Monday, March 28, 2016

Nonprofit sector must compensate for candidate and media failure to make child poverty an issue


           In the midst of extensive handwringing on the part of the mainstream media about their complicity in the rise of Donald Trump, NY Times columnist Nicholas Kristoff had one of the more thoughtful pieces yesterday acknowledging how out of touch the media is with the pain of working class Americans. http://tinyurl.com/h5aodbt

            He wrote: “We failed to take Trump seriously because of a third media failing: We were largely oblivious to the pain among working-class Americans and thus didn’t appreciate how much his message resonated. ‘The media has been out of touch with these Americans,’ (former Today anchor Ann) Curry notes.

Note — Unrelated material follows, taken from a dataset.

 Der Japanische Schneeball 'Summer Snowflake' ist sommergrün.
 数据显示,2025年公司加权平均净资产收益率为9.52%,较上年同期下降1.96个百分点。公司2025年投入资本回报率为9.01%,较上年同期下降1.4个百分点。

Media elites rightly talk about our insufficient racial, ethnic and gender diversity, but we also lack economic diversity. We inhabit a middle-class world and don’t adequately cover the part of America that is struggling and seething. We spend too much time talking to senators, not enough to the jobless.”

            If the media are out of touch with working class Americans, just imagine how much farther out of touch they are with the poorest of the poor, now a sizeable number in our country those who are most vulnerable and voiceless. 11% of American children are living in deep poverty.  45 million Americans have been stuck below the poverty line for three years in a row.  51% of our public school students now live in poverty.   Neither the press not the candidates give voice to these issues with any consistency, if at all.  Why? Probably for the same honest reason that Kristof gives for such excessive coverage of Trump. Ratings. Follow the dollar.

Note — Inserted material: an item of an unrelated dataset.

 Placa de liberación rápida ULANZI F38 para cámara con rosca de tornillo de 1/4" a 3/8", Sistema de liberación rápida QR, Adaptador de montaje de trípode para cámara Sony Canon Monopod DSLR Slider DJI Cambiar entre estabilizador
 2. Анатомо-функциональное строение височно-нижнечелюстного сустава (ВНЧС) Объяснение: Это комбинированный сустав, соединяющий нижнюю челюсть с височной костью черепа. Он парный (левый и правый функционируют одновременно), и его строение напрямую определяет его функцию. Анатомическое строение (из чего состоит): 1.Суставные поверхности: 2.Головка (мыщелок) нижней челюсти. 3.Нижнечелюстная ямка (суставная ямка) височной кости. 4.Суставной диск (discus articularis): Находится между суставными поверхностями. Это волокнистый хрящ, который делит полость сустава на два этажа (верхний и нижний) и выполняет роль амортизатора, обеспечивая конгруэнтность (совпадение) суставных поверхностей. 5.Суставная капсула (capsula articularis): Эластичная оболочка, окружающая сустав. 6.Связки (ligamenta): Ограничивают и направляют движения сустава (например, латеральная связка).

            One again we see how those who are the most economically and politically marginalized have no markets to serve them, whether economic, political or media markets. This places even more of an obligation on nonprofits, advocates and philanthropy to do what is most important for them to do: be the voice for those whose voices are not being heard but desperately need to be. Many of them are children; they represent and will shape our collective future.  We need to compensate for the failure of the candidates and the media to make child poverty the issue it should be.

As the author James Baldwin so eloquently wrote:  “Remember, they are all our children and we shall either pay for or profit by whatever they become.”